Listed records:
━━━━━━━━━━━━━━━━━━━━━━━━━━━━━━

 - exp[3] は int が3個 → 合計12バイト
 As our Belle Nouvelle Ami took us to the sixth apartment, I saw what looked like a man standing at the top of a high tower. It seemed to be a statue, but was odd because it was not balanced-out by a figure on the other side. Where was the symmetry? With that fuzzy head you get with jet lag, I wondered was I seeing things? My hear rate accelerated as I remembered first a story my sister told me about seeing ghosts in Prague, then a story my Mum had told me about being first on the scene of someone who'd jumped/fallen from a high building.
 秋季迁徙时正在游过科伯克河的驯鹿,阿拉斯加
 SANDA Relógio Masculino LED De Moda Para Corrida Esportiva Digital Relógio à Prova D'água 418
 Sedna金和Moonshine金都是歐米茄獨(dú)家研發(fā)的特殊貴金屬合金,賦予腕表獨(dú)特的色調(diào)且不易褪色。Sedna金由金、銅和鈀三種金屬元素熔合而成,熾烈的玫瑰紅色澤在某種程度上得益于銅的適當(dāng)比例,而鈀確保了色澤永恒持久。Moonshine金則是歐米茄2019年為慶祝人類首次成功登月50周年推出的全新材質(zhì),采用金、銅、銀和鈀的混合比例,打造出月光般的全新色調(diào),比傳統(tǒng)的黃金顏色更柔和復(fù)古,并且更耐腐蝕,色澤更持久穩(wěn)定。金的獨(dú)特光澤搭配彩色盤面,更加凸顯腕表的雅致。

━━━━━━━━━━━━━━━━━━━━━━━━━━━━━━

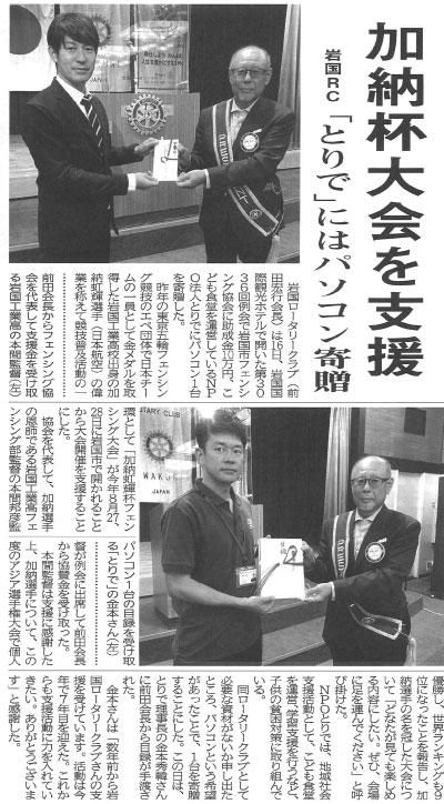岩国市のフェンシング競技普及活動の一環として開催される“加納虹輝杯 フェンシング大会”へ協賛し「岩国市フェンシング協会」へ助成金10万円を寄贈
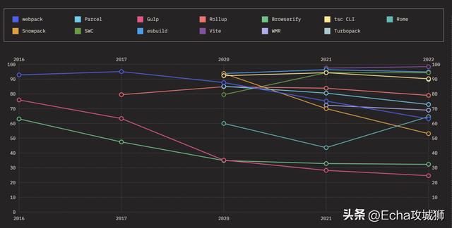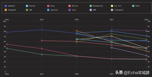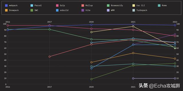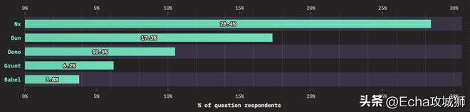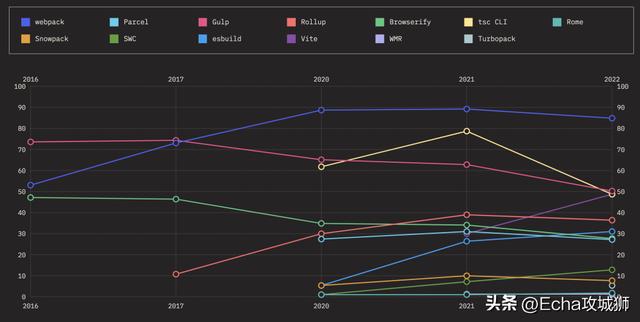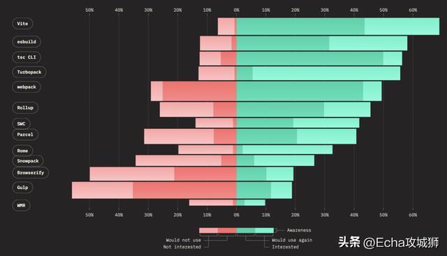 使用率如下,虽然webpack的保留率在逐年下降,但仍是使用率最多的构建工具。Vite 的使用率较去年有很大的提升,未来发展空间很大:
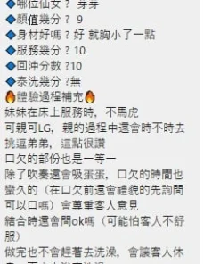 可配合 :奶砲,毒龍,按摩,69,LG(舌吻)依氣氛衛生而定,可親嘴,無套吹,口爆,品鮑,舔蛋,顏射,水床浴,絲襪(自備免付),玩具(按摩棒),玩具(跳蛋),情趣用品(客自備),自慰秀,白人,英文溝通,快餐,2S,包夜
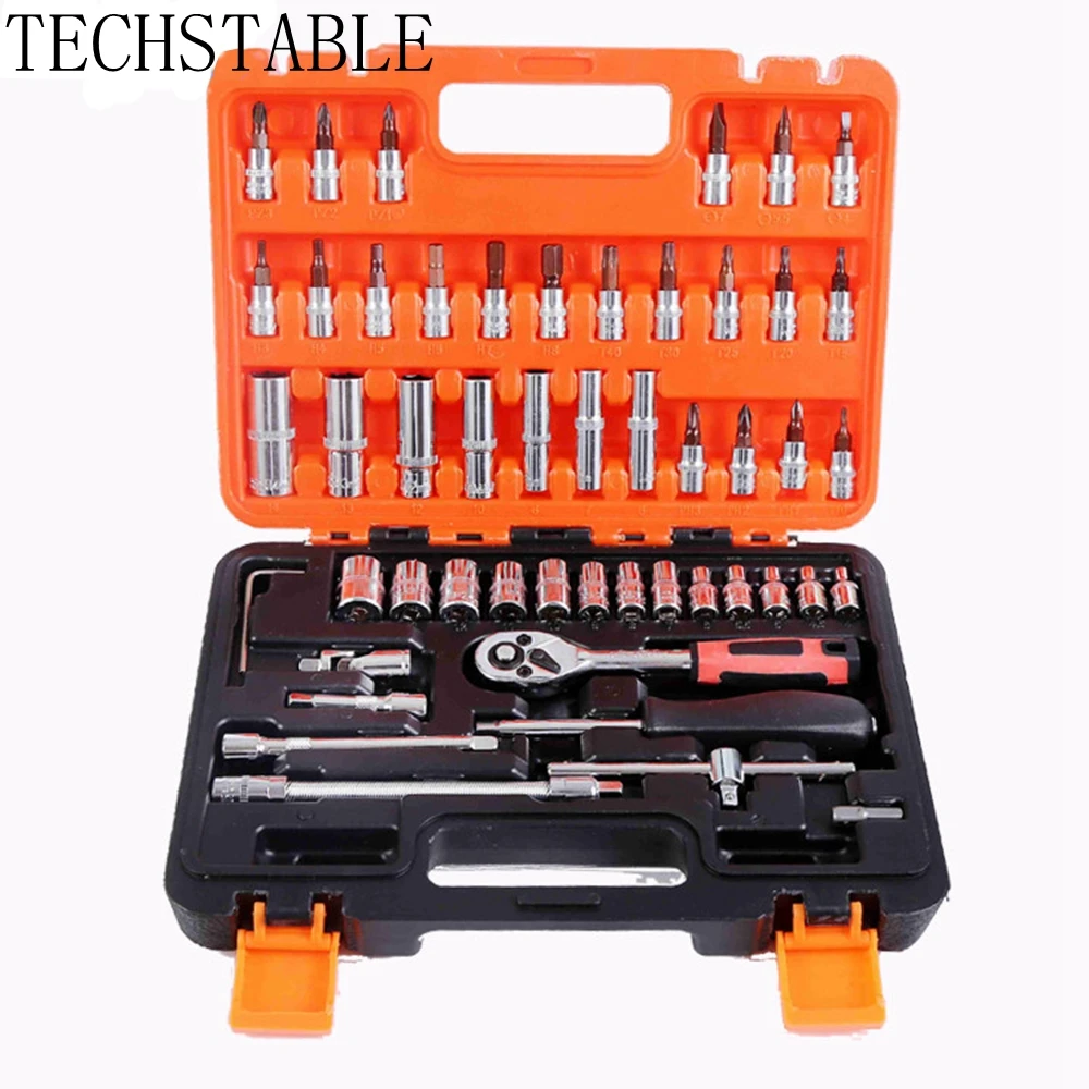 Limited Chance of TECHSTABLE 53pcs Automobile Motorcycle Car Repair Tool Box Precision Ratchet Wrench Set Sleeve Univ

━━━━━━━━━━━━━━━━━━━━━━━━━━━━━━

Work instructions: Using the data above, repeat exactly the lines that begin at the line with "秋季迁徙时正在游过科伯克河的驯鹿,阿拉斯加" and end at the line with "Sedna金和Moonshi", both ends included.

Finished exercise:
 秋季迁徙时正在游过科伯克河的驯鹿,阿拉斯加
 SANDA Relógio Masculino LED De Moda Para Corrida Esportiva Digital Relógio à Prova D'água 418
 Sedna金和Moonshine金都是歐米茄獨(dú)家研發(fā)的特殊貴金屬合金,賦予腕表獨(dú)特的色調(diào)且不易褪色。Sedna金由金、銅和鈀三種金屬元素熔合而成,熾烈的玫瑰紅色澤在某種程度上得益于銅的適當(dāng)比例,而鈀確保了色澤永恒持久。Moonshine金則是歐米茄2019年為慶祝人類首次成功登月50周年推出的全新材質(zhì),采用金、銅、銀和鈀的混合比例,打造出月光般的全新色調(diào),比傳統(tǒng)的黃金顏色更柔和復(fù)古,并且更耐腐蝕,色澤更持久穩(wěn)定。金的獨(dú)特光澤搭配彩色盤面,更加凸顯腕表的雅致。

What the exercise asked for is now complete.